▶ _SUPPLIED INFORMATION_:
-- Opening Marker --

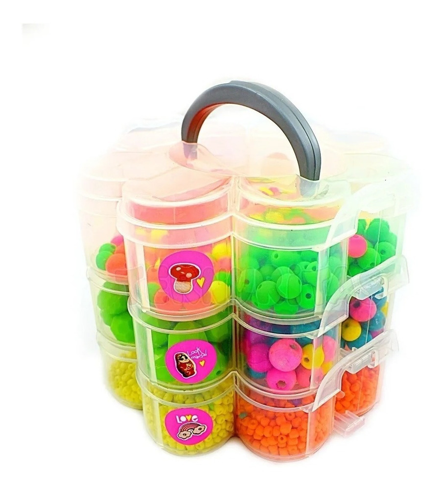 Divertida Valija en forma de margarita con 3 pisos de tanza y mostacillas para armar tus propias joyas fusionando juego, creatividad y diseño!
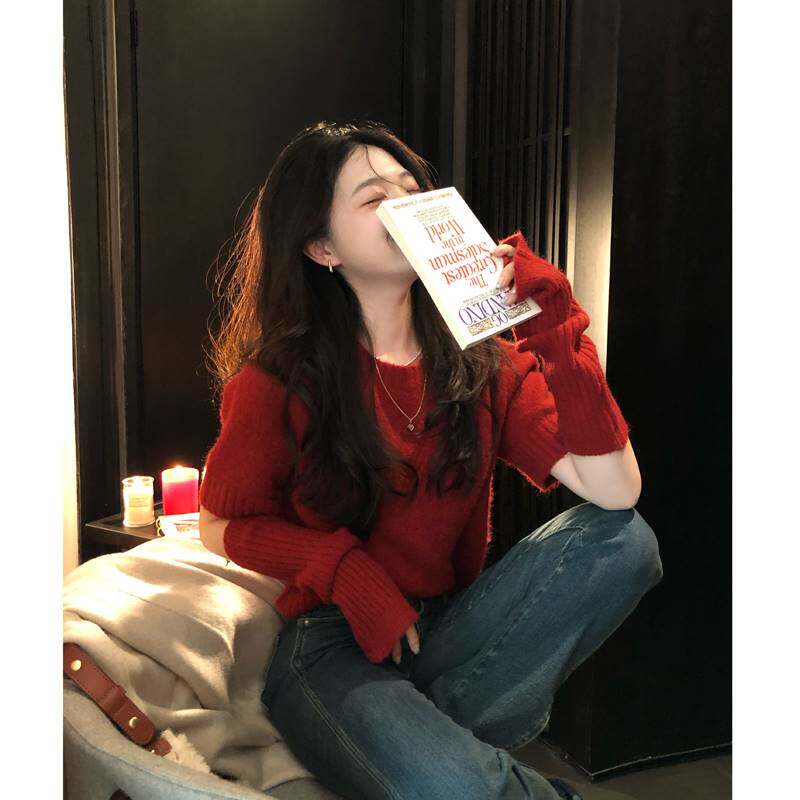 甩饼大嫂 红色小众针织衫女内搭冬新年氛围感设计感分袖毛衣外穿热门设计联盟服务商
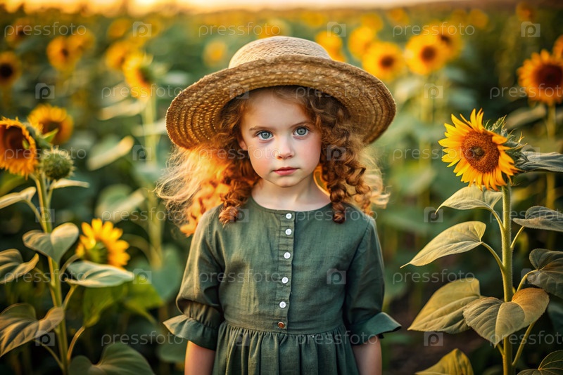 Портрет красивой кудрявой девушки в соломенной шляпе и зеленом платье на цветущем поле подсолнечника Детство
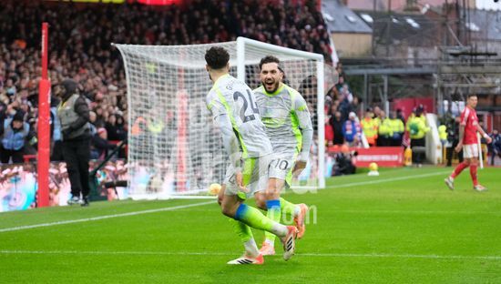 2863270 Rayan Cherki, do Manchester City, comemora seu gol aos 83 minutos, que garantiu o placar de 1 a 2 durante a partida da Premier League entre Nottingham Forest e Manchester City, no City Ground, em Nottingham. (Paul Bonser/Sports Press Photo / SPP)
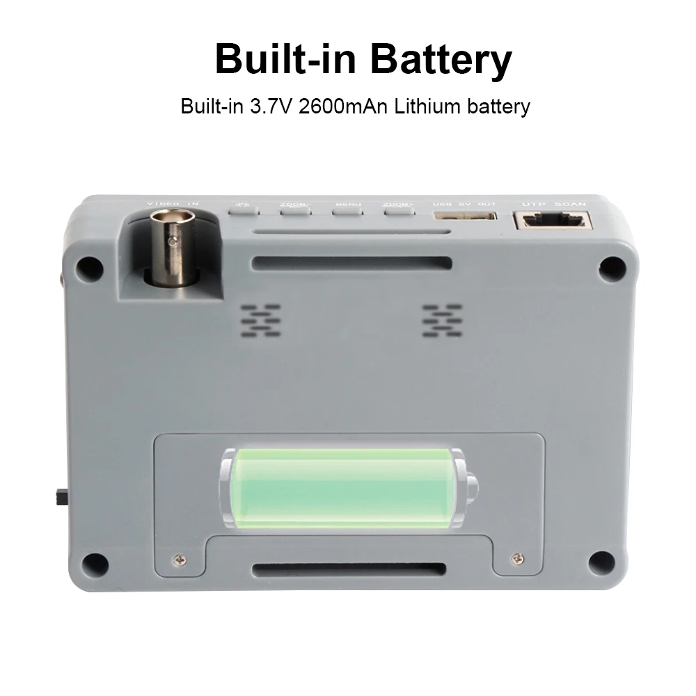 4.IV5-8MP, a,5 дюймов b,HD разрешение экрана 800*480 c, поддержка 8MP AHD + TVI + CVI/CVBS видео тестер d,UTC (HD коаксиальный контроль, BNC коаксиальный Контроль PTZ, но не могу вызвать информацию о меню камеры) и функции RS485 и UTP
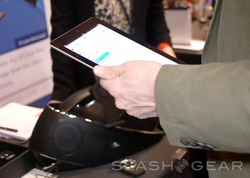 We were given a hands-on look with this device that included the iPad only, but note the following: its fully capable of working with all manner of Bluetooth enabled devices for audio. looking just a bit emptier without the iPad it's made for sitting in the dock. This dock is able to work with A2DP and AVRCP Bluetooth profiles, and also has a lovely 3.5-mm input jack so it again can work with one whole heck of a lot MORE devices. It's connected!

-- Closing Marker --

▶ _EXERCISE DESCRIPTION_: Once the line holding "4.IV5-8MP, a,5 дюймов" is found, copy it and each later line exactly through the end of the data, leaving out the pictures.

▶ _WRITTEN SOLUTION_:
 4.IV5-8MP, a,5 дюймов b,HD разрешение экрана 800*480 c, поддержка 8MP AHD + TVI + CVI/CVBS видео тестер d,UTC (HD коаксиальный контроль, BNC коаксиальный Контроль PTZ, но не могу вызвать информацию о меню камеры) и функции RS485 и UTP
 We were given a hands-on look with this device that included the iPad only, but note the following: its fully capable of working with all manner of Bluetooth enabled devices for audio. looking just a bit emptier without the iPad it's made for sitting in the dock. This dock is able to work with A2DP and AVRCP Bluetooth profiles, and also has a lovely 3.5-mm input jack so it again can work with one whole heck of a lot MORE devices. It's connected!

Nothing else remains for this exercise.